HILS-based SLFV has been addressed in [17] . However the approach presented in [17] rests on closely coupling a simulator (SIMSAT) with a model checker (CMurphi, [7] ). Accordingly, such an approach cannot be directly used to develop the VaaS approach described here. Formal verification of Simulink models has been widely investigated, examples are in [18, 19, 20] . Such methods however focus on discrete time models (e.g., Stateflow or Simulink restricted to discrete time operators) with small domain variables. Therefore they are well suited to analyse critical subsystems, but cannot handle complex system level verification tasks (e.g., our case studies). This is indeed the motivation for the development of statistical model checking methods as those in [9, 10] , as well as for the exhaustive HILS based approach in [3] . Simulation based best-effort falsification methods able to handle any Simulink/Stateflow model have been investigated in [21, 22] . Annotated Stateflow models comprising both discrete and continuous variables can be analysed with simulation based tools like C2E2 [23] . We differ from C2E2 by providing a black-box approach that, furthermore, does not require model annotations.
Symbolic approaches (typically based on polyhedra or SMT solving) to hybrid system verification have also been widely investigated. Although they are not black-box approaches, for sake of completeness we provide a glimpse on some of the available tools in such a context. Timed automata (i.e., hybrid systems whose continuous variables have time derivative equal to 1) can be analysed with UPPAAL [24] . Linear hybrid automata (see, e.g., [25] ) can be analysed with HyTech [26] . Piecewise affine hybrid systems can be analysed with symbolic model checkers like PHAVer [27] and SpaceEx [28, 29, 30] . A symbolic model checker capable of handling nonlinear hybrid systems is presented in [31] . Currently, with respect to our proposed approach, the main limitations of symbolic approaches are: (i) they are not black-box, and (ii) they can handle only hybrid systems of moderate size (whereas our approach does not depend on the size of the system to be verified). Finally, within such a symbolic context, we note that, while we use automata to define the set of scenarios to be simulated, temporal logic could also be used to that end. An example is in [32] .
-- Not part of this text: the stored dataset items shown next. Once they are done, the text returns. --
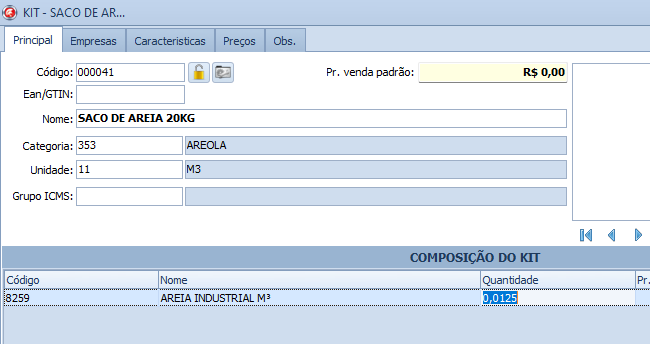 Feito isso podemos adicionar também o produto que formará o kit, que é o produto inicial(Areia m3).
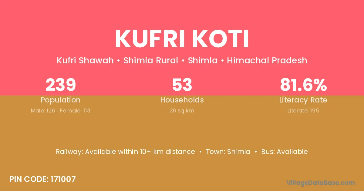 Kufri Koti village has a total population of 239 people, of which 126 are males and 113 are females.
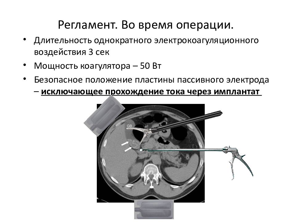Длительность однократного электрокоагуляционного воздействия 3 сек Мощность коагулятора – 50 Вт Безопасное положение пластины пассивного электрода – исключающее прохождение тока через имплантат
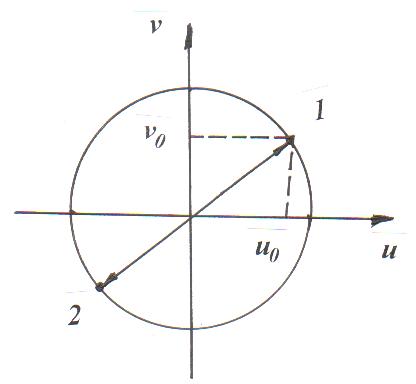 непосредственно переводящей плоскость x0, y0 во внутренность круга единичного радиуса u02+v02<1 (при этом бесконечно удаленным точкам плоскости соответствует окружность единичного радиуса u02+v02=1). Заметим, что отображения (1) и (2) являются взаимно-непрерывными и взаимно-однозначными, т.к. их якобианы отличны от нуля. Исключение для (2) составляют точки окружности u02+v02=1. При этом, поскольку
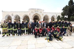 الدفاع المدني الأردني يجري تدريبات لرجال الإطفاء في المسجد الأقصى
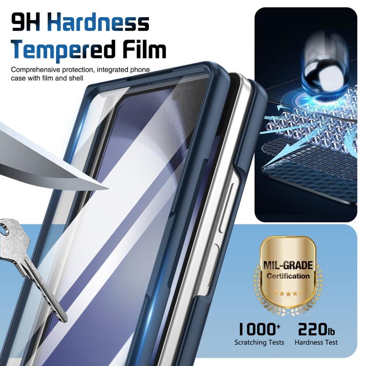 Funda para teléfono con soporte para lente integrada y correa para Samsung Galaxy Z Fold5 (azul oscuro)
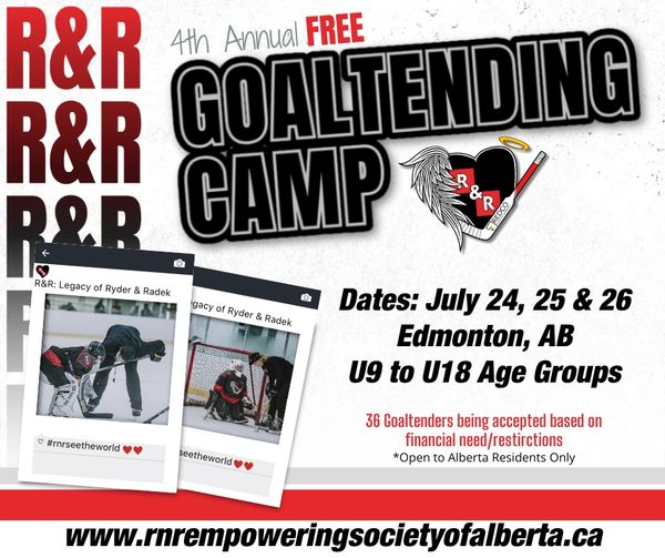 We’re excited to officially announce that the 4th Annual R&R Goalie Camp will take place July 24–26, 2026 in Edmonton, AB at the Terwillegar Recreation Centre.
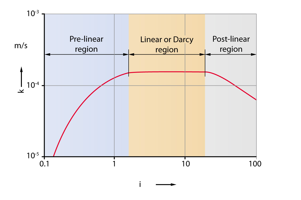 Darcy‘s law does not apply to coarse granular materials (turbulent flow).
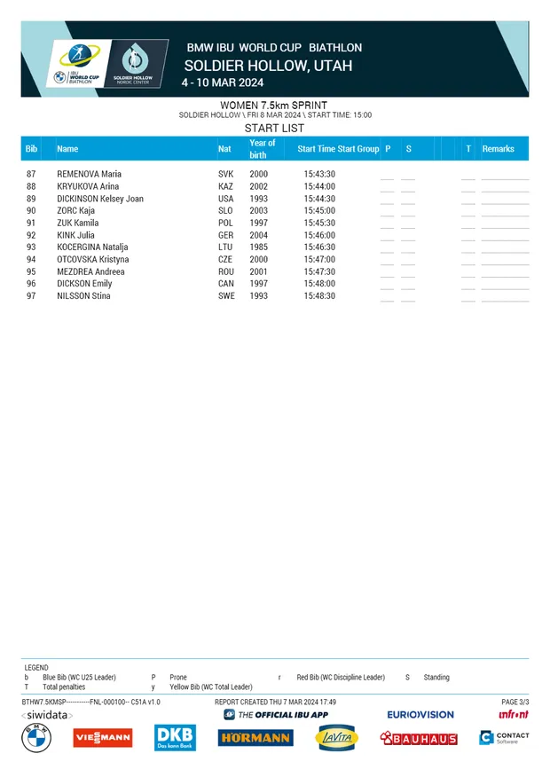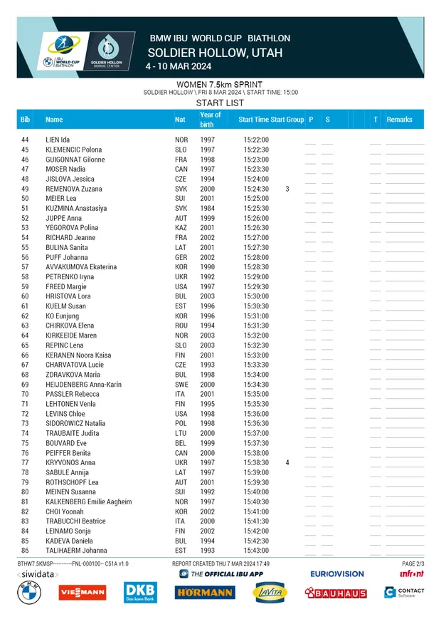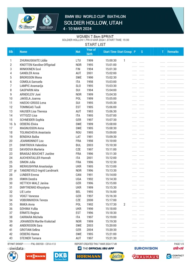 La liste de départ du sprint femmes de Soldier Hollow 2024 (Biathlon)
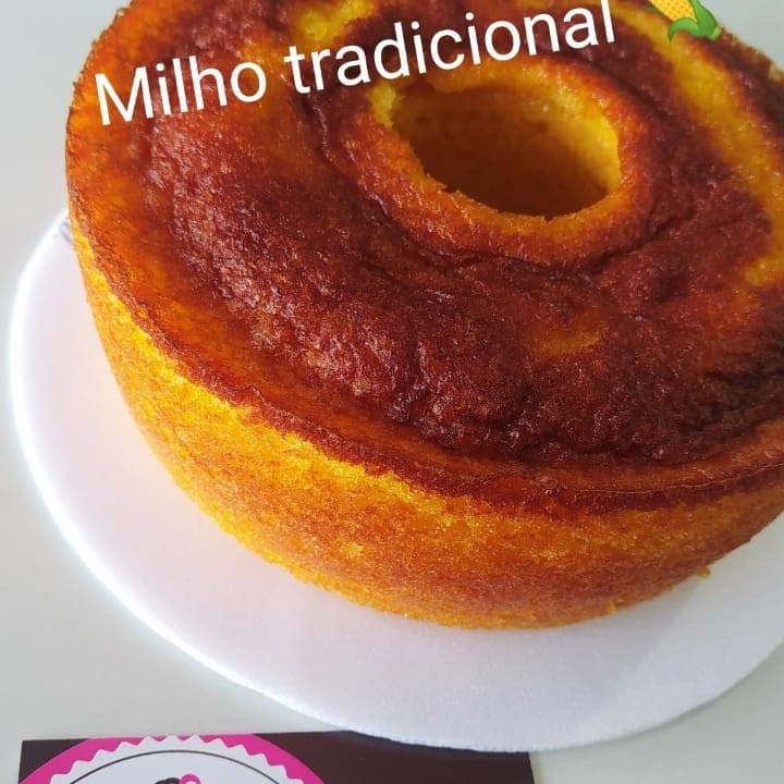 Bolo de milho. Bolo serve bem 4 pessoas, feito na forma de 18 cm
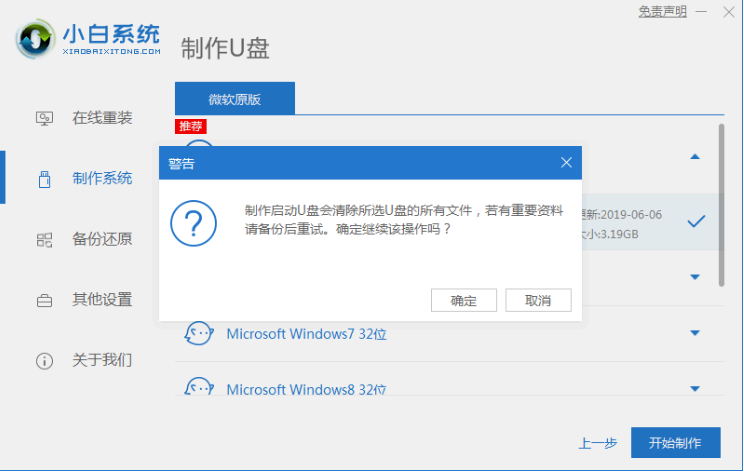 1、進入小白工具,插入U盤,制作U盤啟動盤;
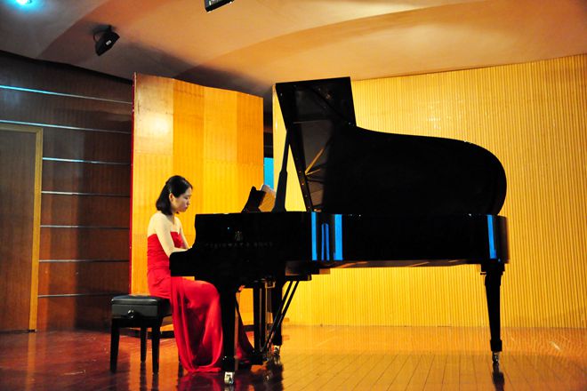 本次音乐会分两个半场,以“艺术课堂-讲演”的形式展开。上半场为朱昊冰博士的钢琴演奏与作品讲解。一开始,朱博士就用钢琴模拟《百鸟朝凤》灵动的鸟语声引入整首作品。而后,她又采用西方德彪西的名曲《月光》主题渐入中国名曲飘逸的《彩云追月》全曲。此曲奏毕,朱博士还和在场师生分享了她在美国演奏该曲的经历。接着,她又为大家带来了《浏阳河》《山丹丹花开红艳艳》等钢琴曲。她表示,中国传统民乐拥有独特的魅力,希望同学们积极感受中国民族音乐,增强对传统的认同感和民族归属感。整个上半场朱博士用心演绎了王建中先生的作品,谨此纪念她的恩师。音乐会下半场,朱昊冰博士携手男高音歌唱家尼古拉·沙莫夫带来俄罗斯经典声乐作品,既有大家耳熟能详的经典名曲《喀秋莎》、《莫斯科之夜》,又有俄罗斯作曲家拉赫玛尼诺夫的《练声曲》、《春潮》。在场同学反响热烈,情不自禁地哼唱,气氛十分活跃。
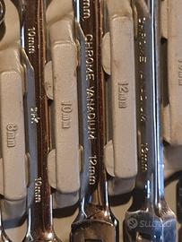 Set 12 chiavi combinate a cricchetto articolato. Cricchetto con 72 denti particolarmente scorrevole, orientabile fino a 180 gradi, in cromo-vanadio, Larghezza delle chiavi da 8 a 19 mm. Come nuovo. Disponibile al ritiro a Milano.
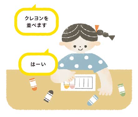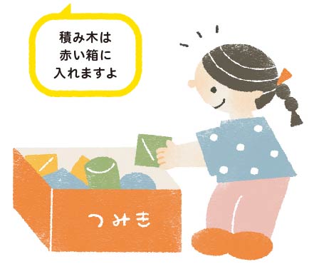 「片付けてね」では何をしてよいかあいまいなので、「赤い箱に入れてね」と伝え、できたらほめる。
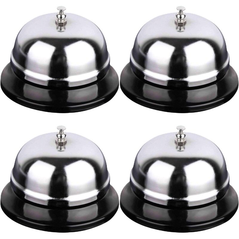 GRASSCALM 卓上ベル 呼び鈴 チャイム コールベル カウンターベル 飲食店受付ベル 店舗 会議用ベル ホテル チャイム パーティーグッズ イベント用品 呼びベル 受付用ベル 注文 ウェイトレス 先生 学校 授業 呼鈴 (シルバー4個)
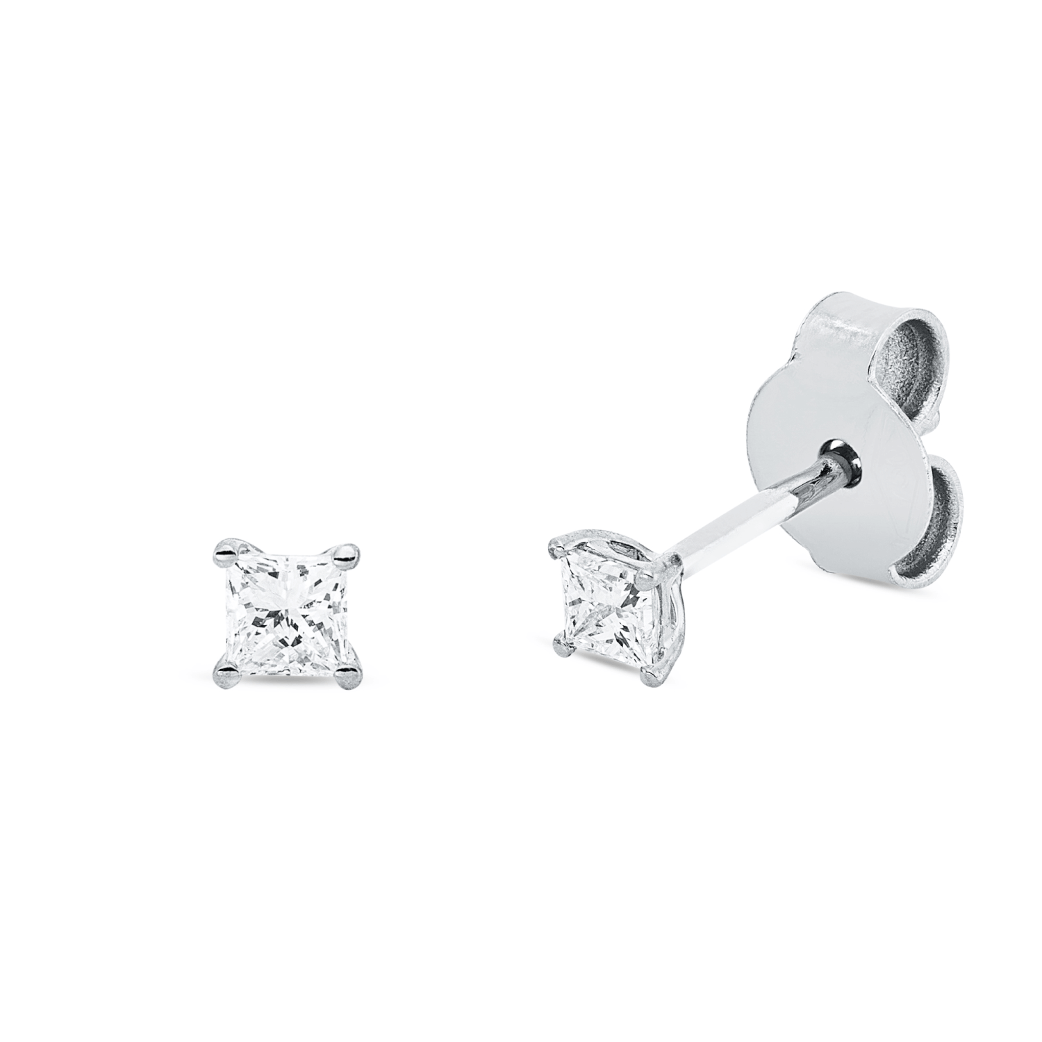 Solitaire Ohrstecker aus 750 Weißgold 2 Diamanten Prinzess-Schliff 0,2ct TW-SI
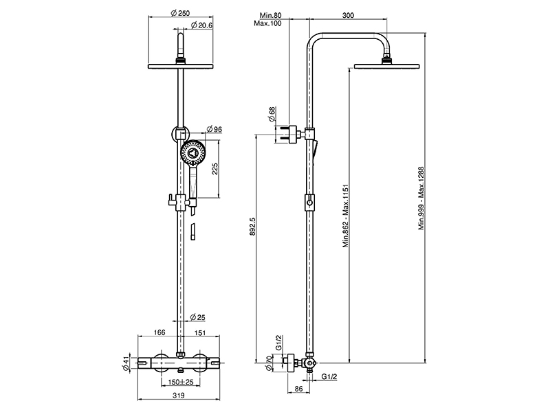 Смеситель на ванну FIMA CARLO FRATTINI F3154/RP259CR внешнего монтажа c душевой стойкой, верхним душем и душевым комплектом, цвет хром. Состав комплекта: механическая душевая штанга, регулируемая высота, 2 подвода воды 1/2 с эксцентриком, верхний душ из ABS Ø 250 мм, ручной душ ABS с защитой от извести анти-кальк, пластиковые ручки, переключатель, гибкий шланг хромалюкс 1500 мм.
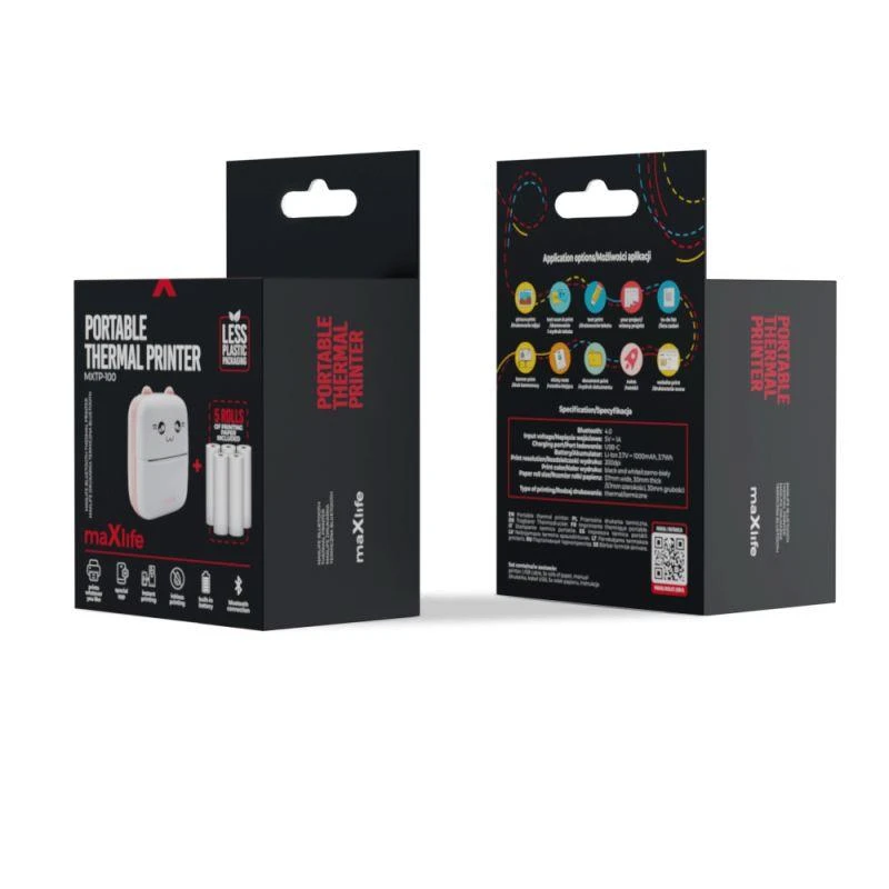 Termotlačiareň Maxlife Bluetooth je praktická prenosná tlačiareň, ktorá je ideálna pre tlač rôznych projektov - od fotografií po výkresy, poznámky, štítky, samolepky a ďalšie. Jednou z jej kľúčových funkcií je termálna tlač. Dodáva sa s piatimi rolkami termopapiera, čo vám umožní tlačiť bez nutnosti výmeny atramentu.
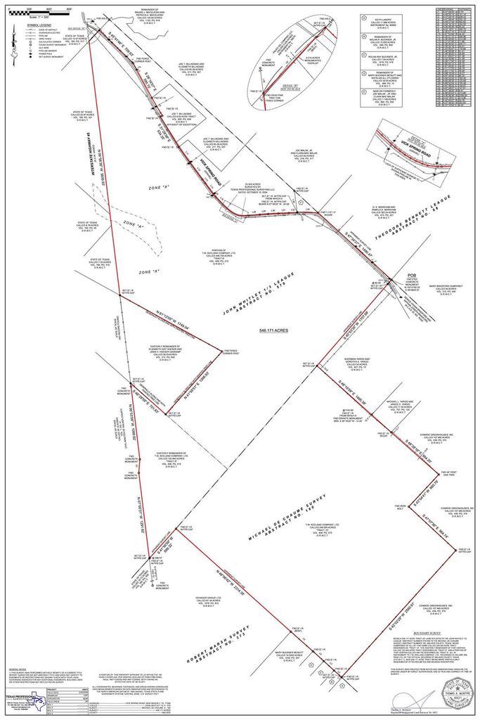 546 acre tract in the path of growth along Interstate 45 between Huntsville and Willis. Approx. 6,229 ft of I-45 frontage offers exceptional long-term visibility. No current feeder/access from I-45, but 5,474+ ft of frontage on Vick Springs Rd provides direct access for immediate use or phased development. Just 63 miles to Houston, 10 miles to Huntsville, and 8 miles to Willis. Timber exemption in place for low taxes and holding costs. North portion lies within Huntsville ETJ, offering future development/annexation potential. Rare large tract with scale, visibility, and access—ideal for investment, subdivision, or long-term development play. Large contiguous acreage along I-45 is increasingly scarce, making this a strong candidate for a future master-planned development, or phased sell-off strategies to maximize value.
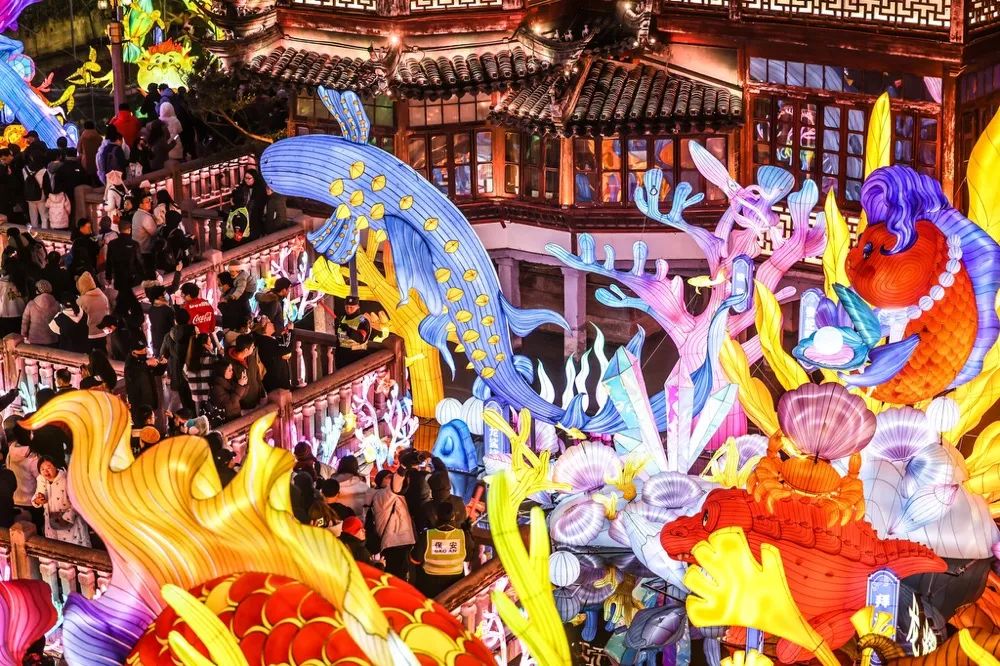 “灯火可亲,山海可忆”。1月21日晚,随着千灯点亮,2024豫园民俗艺术灯会启幕,这场为期40天的灯会共吸引了超过400万人线下打卡。在世界的另一边,扬帆出海的豫园灯会在法国巴黎引得游客排起长队,中法友谊之光点亮璀璨夜空。

Random model checking is a formal verification approach closely related to our setting. A random model checker provides, at any time during the verification process, an upper bound to the Omission Probability (OP). Upon detection of an error, a random model checker stops returning a counterexample. Random model checking algorithms have been investigated, e.g., in [33, 34, 35, 36] . The main differences with respect to our approach are the following. (i) All random model checkers generate simulation scenarios using a sort of Monte-Carlo based random walk. As a result, unlike our algorithm, none of them is exhaustive (within a finite time horizon). (ii) Random model checkers (see, e.g., [34] ) assume availability of a lower bound to the probability of selecting (with a random-walk) an error trace. Of course, being exhaustive, we do not have any such assumption.
Probabilistic (see, e.g., [37, 38] ) and, more specifically, simulation-based statistical model checking approaches (see, e.g., [39, 40, 41, 33, 42, 10, 9, 43, 44, 45] ) are closely related to our work. In particular, [10] addresses statistical model checking of Simulink models and presents experimental results on the Simulink Fuel Control System we use here. The main differences between such approaches and ours are the following. (i) Probabilistic model checking is a white-box approach (a model is available), whereas we are in a black-box setting (only a simulator is available). Thus, only simulation-based statistical model checking approaches can be used in our context. (ii) Statistical model checking is not exhaustive (within a finite time horizon), whereas we are. (iii) Both probabilistic and statistical model checking use a stochastic model for the System Under Verification (SUV), whereas in our setting the SUV is deterministic and disturbances are nondeterministic (i.e., we are looking for the worst case scenario). (iv) None of the available simulation-based statistical model checking approaches addresses the problem of the op-timisation of the simulation campaigns, which is an essential step to make our parallel exhaustive HILS based model checking viable.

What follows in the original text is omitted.